Early this year, Wei and other farmers in Hainan reached out to him, extending an invitation for the durian sage to visit, and hopefully share some of his secrets.
Miow obliged. China, he says, lacks “indigenous durian talent."
Over 10 days in April and May, Miow roamed Hainan’s durian orchards, pruning shear in hand, dispensing advice and insights about ant attacks, air circulation and soil degradation. As he shared nuggets of durian wisdom, researchers and farmers peppered the guru with questions, diligently recording Miow’s every word on their smartphones.
Miow’s opinions aren’t always orthodox, and indeed sometimes clash with the recommendations of institutions such as the Hainan Academy of Agricultural Sciences’ Tropical Fruit Research Institute.
Scientists there have been working on breeding new durian seeds that aren’t just more cold-resistant but that will also produce dwarf versions of durian trees, which otherwise can grow up to 165 feet tall—a problem in typhoon-prone Hainan. Hainan durian farmers have also taken to erecting iron scaffolds around their trees.
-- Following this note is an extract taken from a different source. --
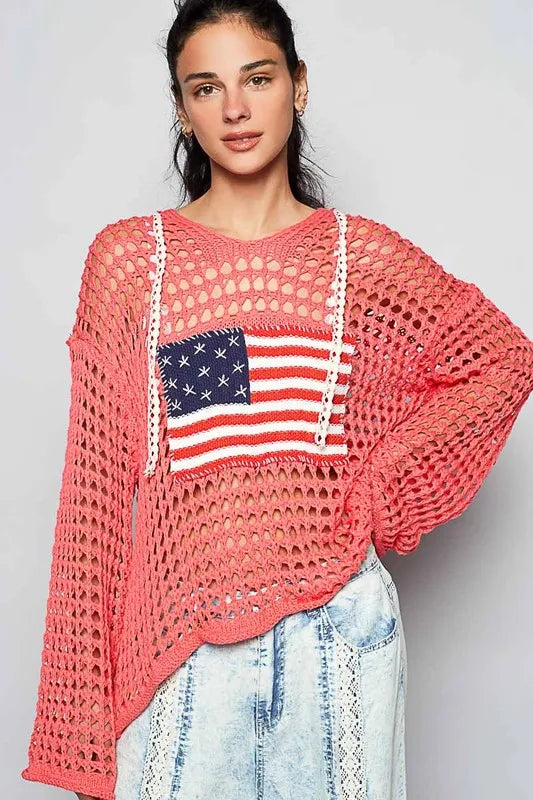 POL US Flag Hollow Out Long Sleeve Knit Cover Up

Balderdash, says Miow. He maintains that no dwarf tree can produce the same delicious fruit as a regular durian tree. Iron, he adds, oxidizes, allowing zinc to seep into the soil and contaminate the durian.
Wei has already taken some of Miow’s advice, for instance replacing his iron scaffolding with nonrusting alternatives.
But not everyone behind Hainan’s durian-growing aspirations has been as receptive to Miow’s recommendations. Some local farmers have dismissed his advice, he says.
Back home in Malaysia, some have accused Miow of betraying his country by sharing the dark arts of durian cultivation to potential competitors.
China’s durian fixation has been transformative for many farmers in Malaysia in recent years. Streets in Bentong District, 10 miles northwest of Malaysia’s capital are lined with newly built freezing facilities and packing stations.
Others say Malaysia doesn’t have much to worry about—for the time being. The first attempt by Chinese farmers to grow durian ended in failure when the first tree, planted in 1958, produced only a single durian fruit, according to state media reports.
As consumers’ appetite for durian surged again recently, Chinese farmers have renewed bids at achieving what China’s media has dubbed “durian freedom"—the ability to grow one’s own durians at an affordable price. This year, the breakthrough finally came when Chinese farmers succeeded in breeding the country’s first commercially-viable batch of homegrown durians.
Still, China is projected to harvest just 50 metric tons of its own durians this year—well short of the goal of 2,450 metric tons initially touted by state media, and just 0.005% of Chinese durian consumption last year.
“Once people like durians, they are addicted to them," says Dennis Lo, a Malaysian durian exporter who co-authored Miow’s durian book and who founded a company called Durian Duke Group. (Its motto: “The AMAZING fruit—toward the AMAZING freedom.")
He says even if Hainan were covered only with durian trees, it still wouldn’t be enough to satisfy Chinese demand.
Lo also believes Beijing would never shut its door to Southeast Asian durian producers, knowing the diplomatic value of leveraging China’s domestic market to cement ties with its southern neighbors. “China has panda diplomacy and now they also have durian diplomacy,’" he says.
In recent years, durians have become a mainstay of diplomatic meetings between China and its Southeast Asian neighbors. In July 2022, China’s Foreign Minister Wang Yi raved over a durian cheesecake his Malaysian hosts served him, and declared China’s intent to import more tropical fruit from Malaysia.
Wei, for his part, has come to love the taste of durian and says he hopes simply to offer Chinese customers more varieties of durians to choose from.
“We are just promoting durian love and growing the durian business pie for everyone," he says.